Richard Vargas was born in Compton, CA. He earned his B.A. at Cal State University, Long Beach, where he studied under Gerald Locklin. He edited/published five issues of The Tequila Review, 1978-1980, publishing early works by Jimmy Santiago Baca, Alberto Rios, Nila Northsun, and many more. His first book, McLife, was featured twice, during Feb 2006, on Garrison Keillor's Writer's Almanac. A second book, American Jesus, was published by Tia Chucha Press, 2007. His third book, Guernica, revisited, was published April 2014, by Press 53, and was featured once more on the Writer's Almanac. Vargas received his MFA from the University of New Mexico, 2010, where he workshopped his poetry with Joy Harjo (our current national Poet Laureate.). He was recipient of the 2011 Taos Summer Writers' Conference's Hispanic Writer Award, was on the faculty of the 2012 10th National Latino Writers Conference and facilitated a workshop at the 2015 Taos Summer Writers' Conference. Vargas also edited/published The Más Tequila Review from 2009-2015, featuring poets from across the country. He has read his poetry to audiences in Los Angeles, Chicago, St. Louis, Madison, Albuquerque/Santa Fe, Indianapolis, and Boulder. His fourth book will be published this summer by MouthFeel Press. Currently, he resides in Monona WI.

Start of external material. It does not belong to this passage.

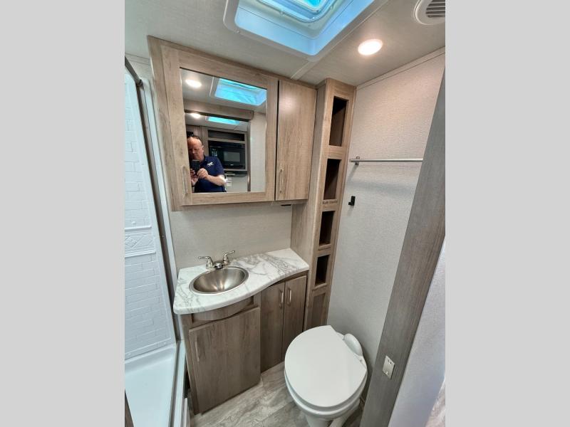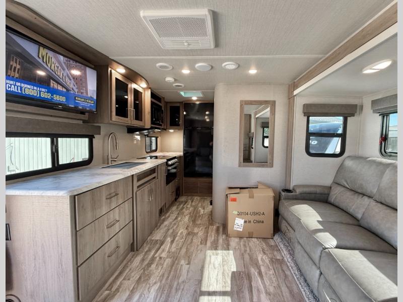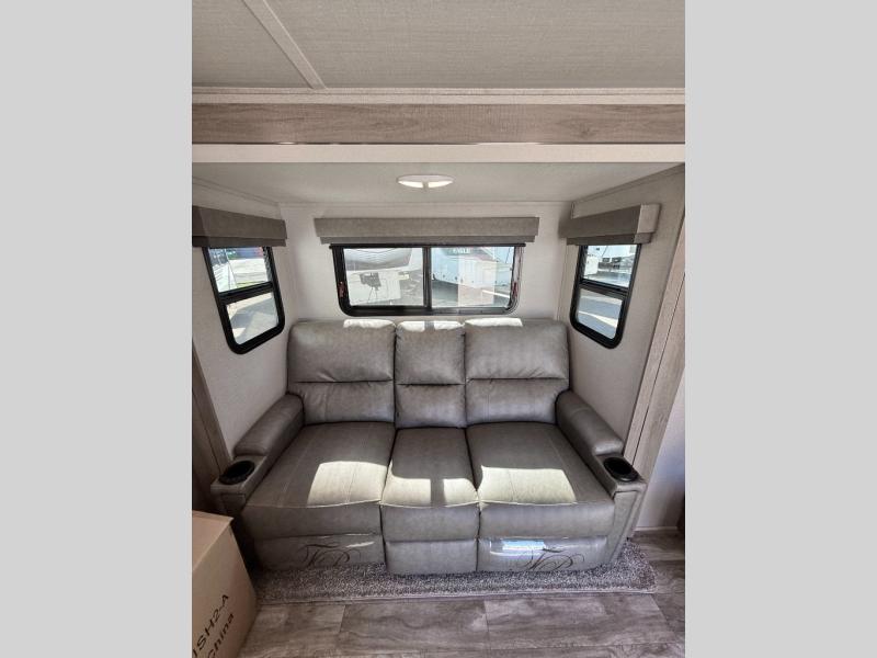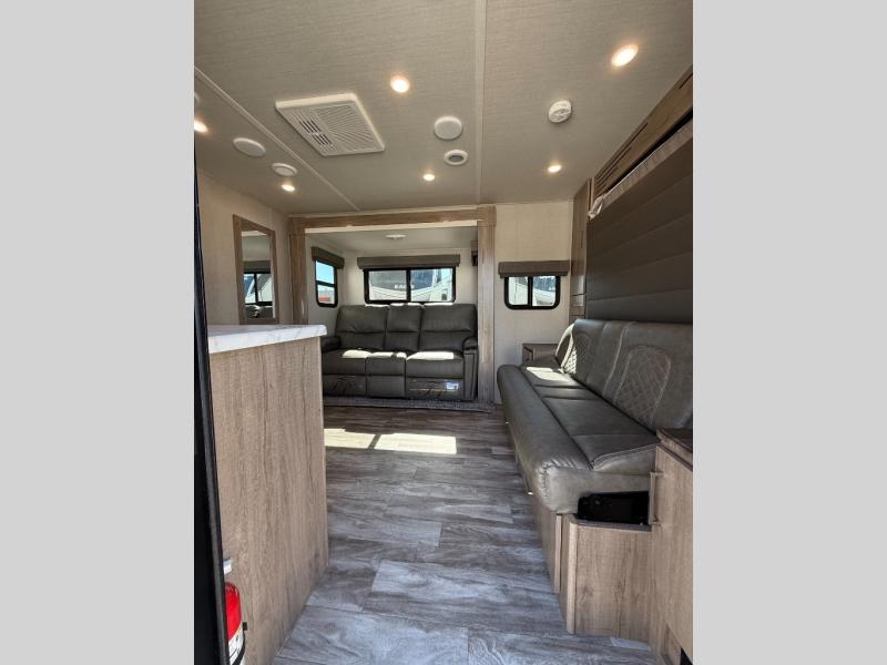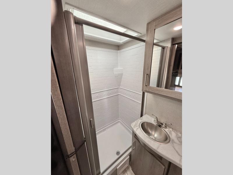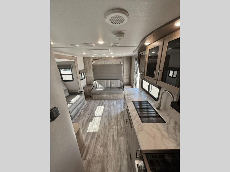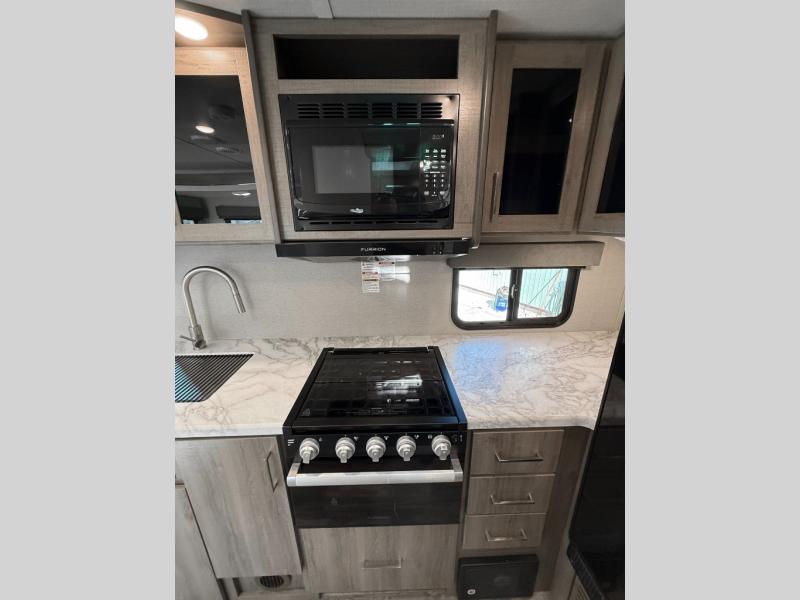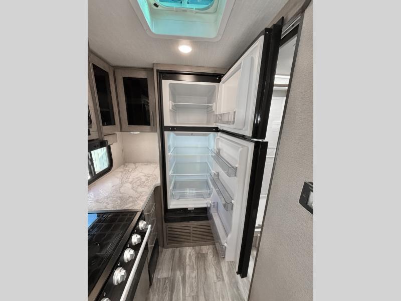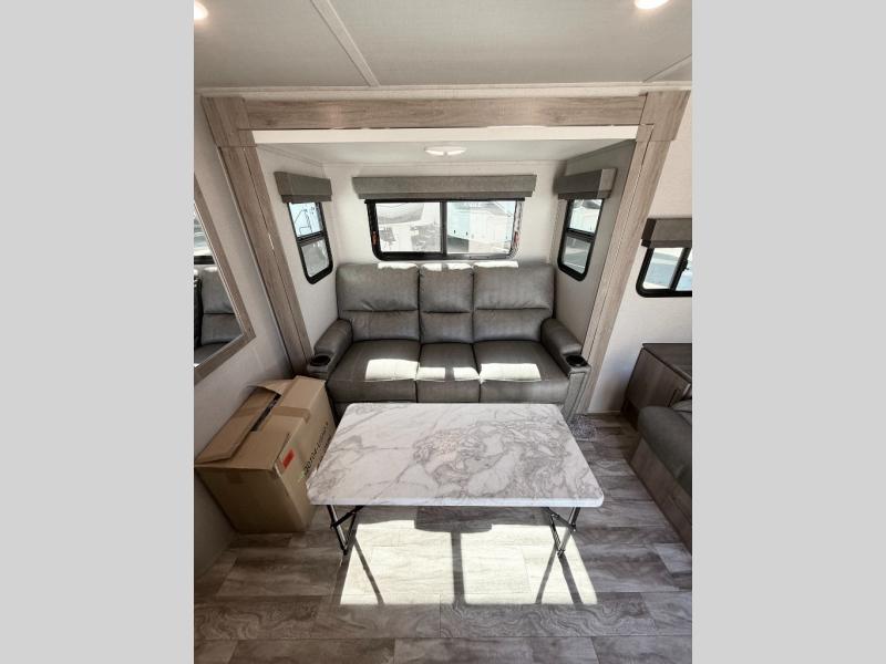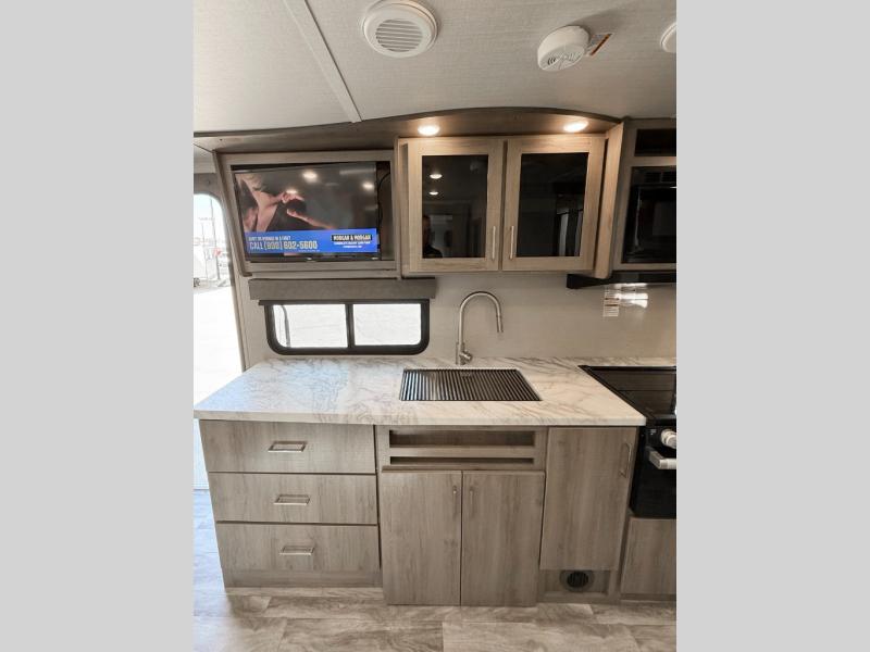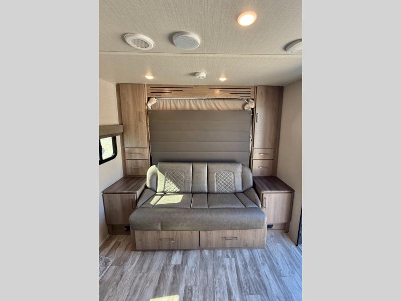 The Murphy bed is the eye-catching feature on this Imagine XLS travel trailer! Not only can it fold away in the morning to reveal a sofa for lounging, but it will also provide you with drawer storage under the sofa. Another functional feature is the theater dinette with a removable table in front. It rests on the single slide so that there is more floor space, and it offers you great comfort while you dine across from the LED HDTV. A full bathroom will keep you clean and fresh with its residential walk-in shower, skylight, linen closet, vanity, toilet, and power vent fan.

Margaret Randall (New York, 1936) is a poet, essayist, oral historian, translator, photographer and social activist. She lived in Latin America for 23 years (in Mexico, Cuba, and Nicaragua). From 1962 to 1969 she and Mexican poet Sergio Mondragón co-edited EL CORNO EMPLUMADO / THE PLUMED HORN, a bilingual literary quarterly that published some of the best new work of the sixties. When she came home in 1984, the government ordered her deported because it found some of her writing to be "against the good order and happiness of the United States". With the support of many writers and others, she won her case, and her citizenship was restored in 1989. Throughout the late 1980s and early 1990s, she taught at several universities, most often Trinity College in Hartford, Connecticut. Randall's most recent poetry titles include THE MORNING AFTER: POETRY & PROSE IN A POST-TRUTH WORLD, AGAINST ATROCITY, OUT OF VIOLENCE INTO POETRY (all from Wings Press), and STORMCLOUDS LIKE UNKEPT PROMISES (Casa Urraca Press). CHE ON MY MIND (a feminist poet's reminiscence of Che Guevara, published by Duke University Press), and THINKING ABOUT THINKING (essays, from Casa Urraca) are other recent titles. HAYDEE SANTAMARIA, CUBAN REVOLUTIONARY: SHE LED BY TRANSGRESSION was released by Duke in 2015. EXPORTING REVOLUTION: CUBA'S GLOBAL SOLIDARITY was published by Duke in 2017. And in 2020 Duke published her memoir, I NEVER LEFT HOME: POET, FEMINIST, REVOLUTIONARY.